LJ-SEC: (ORIGINALLY POSTED BY [info]drgndancer)

OK, I'm really confused now. I'm listening to my wife discuss a friend's very sadly prematurely ended pregnancy. No, this is not a post (directly) about abortion, but rather a still birth. Brief synopsis: Woman got pregnant (intentionally I think), Woman carried baby to term, One week before predicted date of birth a final check-up showed no heartbeat. The final determination is that the baby was tragically strangled by its umbilical cord less than a week before it should have been born.
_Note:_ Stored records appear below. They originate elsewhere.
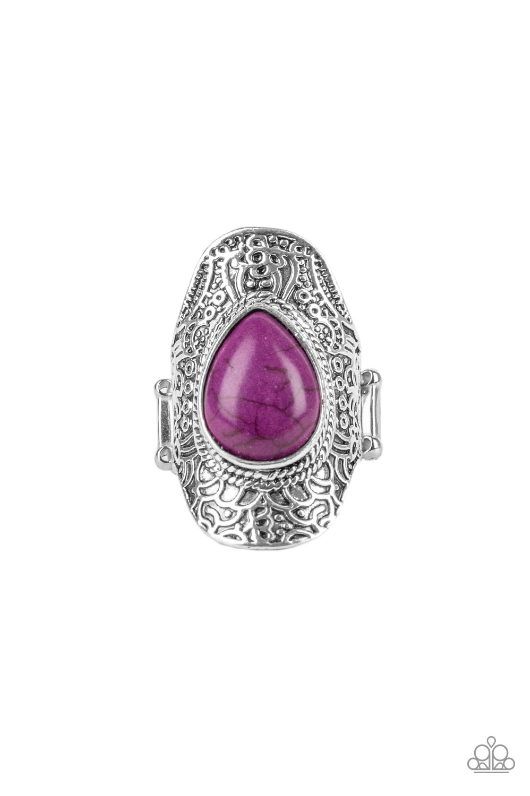 Embossed in ornate silver filigree, an oval silver frame folds around the finger. Chiseled into a tranquil teardrop, a sunny yellow stone is pressed into the center of the decorative frame for a seasonal finish. Features a stretchy band for a flexible fit.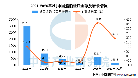 从金额方面来看,数据显示,2026年1-2月中国船舶进口金额161.1百万美元,同比增长192.6%。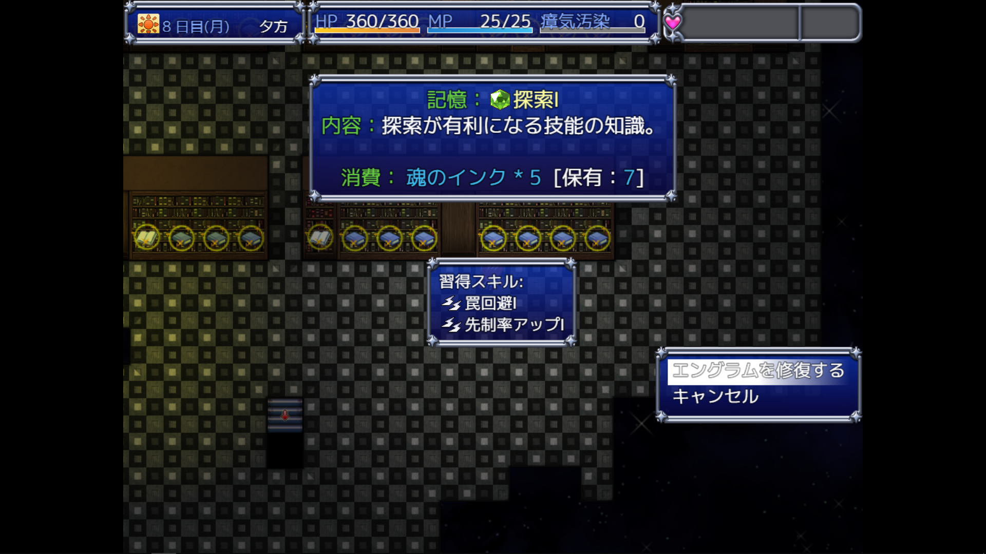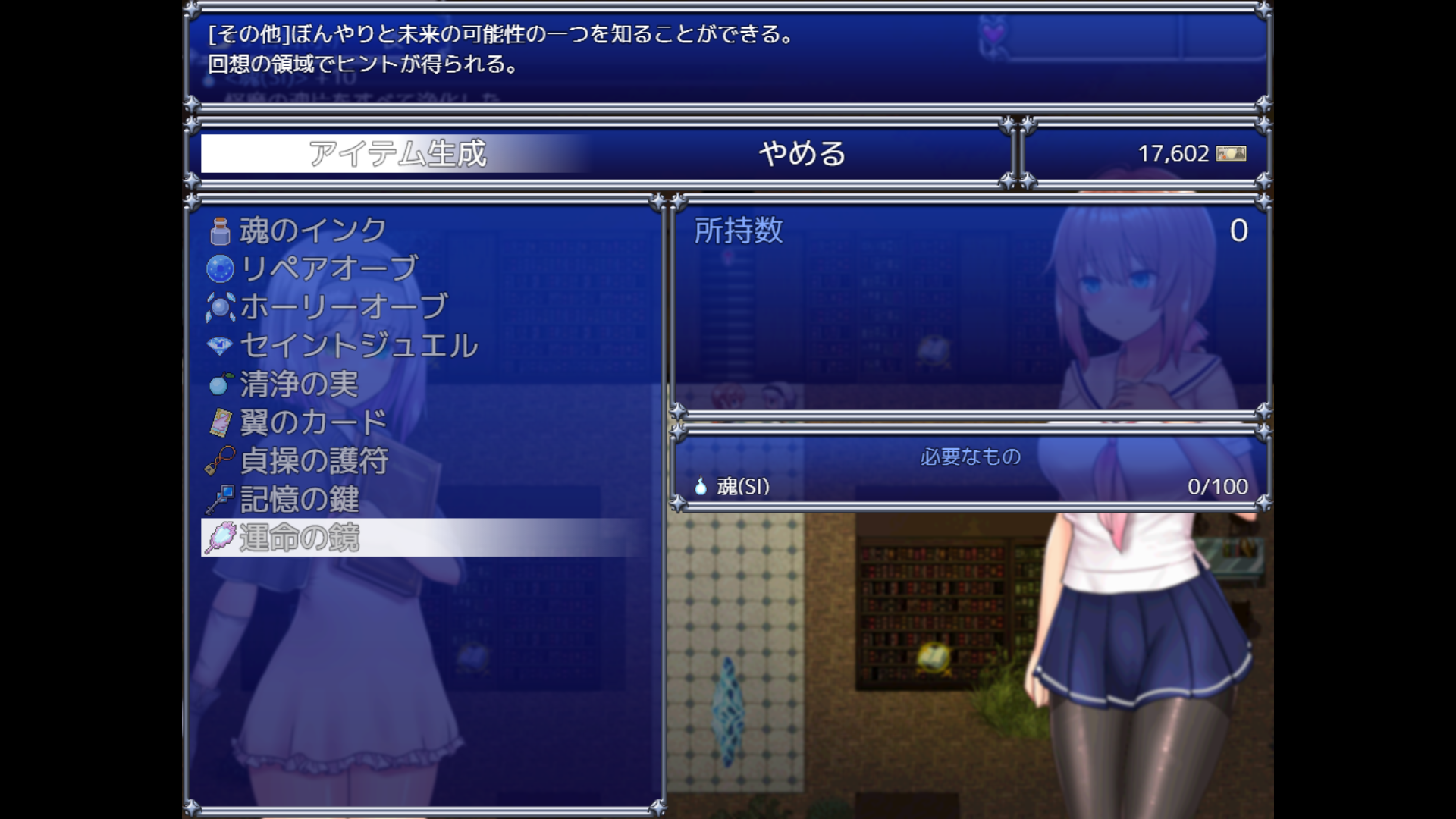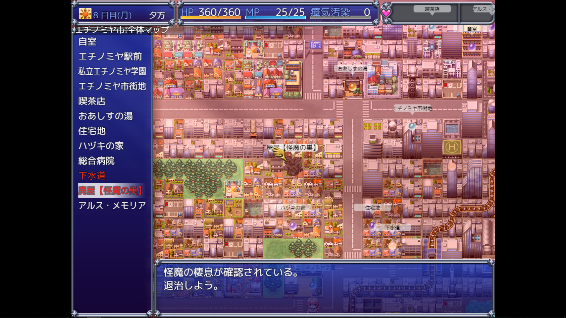 드디어 1챕터입니다책은 주워둡시다촬영을 하면5천엔을 얻을 수 있습니다바로 나갑시다주택가로 가서몇몇 곳은 돈을 주고 시간을 보낼 수 있는데 딱히 쓸일은 없었던거 같습니다스텟이 쥐꼬리만큼 오릅니다장기를 조사해줍시다아래로 가서답은 여기준비를 하고 가자고 합니다장기도에 주의 100을 넘으면 강제로 귀환을 하게 됩니다그리고 이게 높은 상태로 잘 시 침식도가 증가하게 됩니다 당장은 아니지만 침식도도 100을 넘으면 게임오버죽 탐험하도록 합시다뒤를 공격할 시 선공을 잡게 되니 꼭 뒤를 노리도록 합시다심심해서 져봤는데굳이 초반에 죽어갈 필요는 없을 듯 합니다메모리아가 구출해줍니다지배도가 높을 수록 탈출이 힘들어 집니다베하에서 특정접을 잡으면 트로피를 준다는데 버그인지 안줍니다아침에 학교는 꼭 갑시다평판이 깍이는 일 따윈 용납하지 않는 스타일이곳저곳 둘러볼 수는 있는데 별건 없습니다학원이벤트의 반은 학원평가가 낮을 때 발생합니다이걸 사긴 했는데 개인적으로 백화점의 크리 10퍼증가가 제일 좋았습니다메달교환은이게 초반에 제일 좋긴합니다 계속 부족한게 영혼입니다이런건 딱히 필요는 없었습니다이거도 막상 사니 게임이 거의 끝나가서 의미없고 다른거도 은근 수치를 깨작깨작줘서 얻는게 더 귀찮았습니다포션은 초반만 든든히 챙겨가면 됩니다반창고도 풀매수이게 젤 좋습니다템도 잘 주워주시고하트하트 몹혼자있음 좀 덜아픈데 여러명일경우 일방적으로 맞아서 아픕니다죽죽 안으로 들어가도록 합시다이제부터 슬슬등장하는 함정들입니다만 여기서 포션다써서 귀환좀 낭낭하게 주지이건 사도 큰 의미는 없으니 클리어하고 사도록 합시다기억들은 나중에 엔딩볼려면 다 사야합니다이건 사던말던이거도 필수인게혼의 정화스킬이 교환율 증가라 꼭 사야합니다다시 진입말이 함정이지 뭐 딱히 위협적이진 않습니다템줍줍이걸 작동시키면 지름길이 생깁니다안쪽에 보스몹이건 하루 한번 전회복을 시켜줍니다보스전괴마의 진화형인 괴인들입니다그냥 잡아줍시다클리어세레스포니아의 정보가 퍼지기 시작하고시민평가와 지명도가 오르기 시작합니다챕터 2입니다해맑일단 병원으로 가보라고 합니다학교 주위를 돌며 메달을 주워줍시다수영부에 하즈키가 있는데여기서 수영을 해서 체력을 올릴 수 있습니다부적샀는데 하즈키의 집에 하나 있던...여기도 체육복이 있으면 운동을 할 수 있는데 베하기준 선공을 뻇긴적이 없어서 의미가 있나 싶습니다여기 아빠가 있는데업무중 사고를 당했군요저 경감은 사실 아빠 직장동료였군요아빠의 상처는 괴인들이 준거였습니다 적과 싸워야 할 이유가 늘어났습니다메모리아에게 가야하군요학원을 다니면서 괴인과 싸우는건 힘들테니미법인형을 만들어줍니다근데 영혼도 소비하고 평판도 안올라가서 그냥 100만들때 까진 다니기로 했습니다대출가능솔직히 제가 쓸 영혼도 없어 죽겠습니다기억을 사봤는데 설정이야기더군요강대한 괴마 아포류온이란 존재가 있습니다문젠 불사신에다가 부활할 때마다 모습 능력 약점도 변합니다 어캐잡음해서 이에 대처하기 위해 많은 전투의 지식등을 기록해 놓은게 메모리아 입니다당연하지만 이 전에도 많은 소유주가 있었습니다이거도 사봤습니다가지고만 있어도 되는군요장비는 직접만들어야 하는데또 영혼이 들어갑니다무기도 영혼이 들어갑니다탐색은 사도그만 안사도 그만어짜피 뒤만 노릴거라 대부분 의미가 없습니다여기도 화학선생이 출몰매우 수상쩍은 사람입니다이제부터 아이템을 만들 수 있습니다레네게이드에 대해 아냐도 묻는데 몰라요최근 여기저기서 보이는 이상한 옷을 입는 녀석들입니다이상한 구체를 설치하고 다닌다고 합니다이제부터 적을 잡으면 지원금같은 격파보너스가 들어옵니다또한 미션이 등장합니다살건딱히 없습니다이런건 너무 비싸요장비는 솔직히 대부분 만드는게 더 귀찮습니다설비는 돈을 투자해야 합니다비쌈임무를 받을 수 있는데 죄다 지금 못깹니다일단 받아두도록 하죠프리미션은 이렇게 맵에서 곧장갈 수 있습니다

The parents are understandably crushed, and here's where the relationship to this community starts. The parents were informed by their priest (they are Catholic) that since the baby never drew its first breath, it has no soul. It will receive neither the sacrament of Baptism nor last rites. I'm confused here... Is the Catholic Church more or less the birth of the "pro-life" movement within Christianity? Don't Catholic groups protest the murder of "innocent babies" quite regularly? How does this work? It seems extremely hypocritical to me that a church would simultaneously work to "defend life" at the expense of female self-determination and medical advancement (through stem cell research), while refusing to grant the parents of what really was for all intents and purposes a baby the comfort of a simple baptism. Am I missing something here?

How many other Christian religions have this dichotomy? The whole thing both confuses me and saddens me. From the standpoint of the parents, I feel really bad that they don't get the closure that normally accompanies a death... From the point of view of the Church I simply can't understand their anti-woman, anti-progress stance when they don't consider a 9 month still born a "baby".

Edit: I'm reporting this based on the account of a very distraught and somewhat angry woman. I feel reasonably comfortable that in fact the priest said what I reported, but his level of kindness in doing so and/or offers to perform some other sort of blessing are unknown factors. I wasn't intending to indicate the that the priest was a horrible person (he may or may not be), but rather to try to understand the theological underpinning of what he said. He may have been extremely kind and may have offered to do any number of prayers and blessings... I don't know, all I know is that he would not baptize the baby, and that the mother's interpretation of why was "Because it was never alive".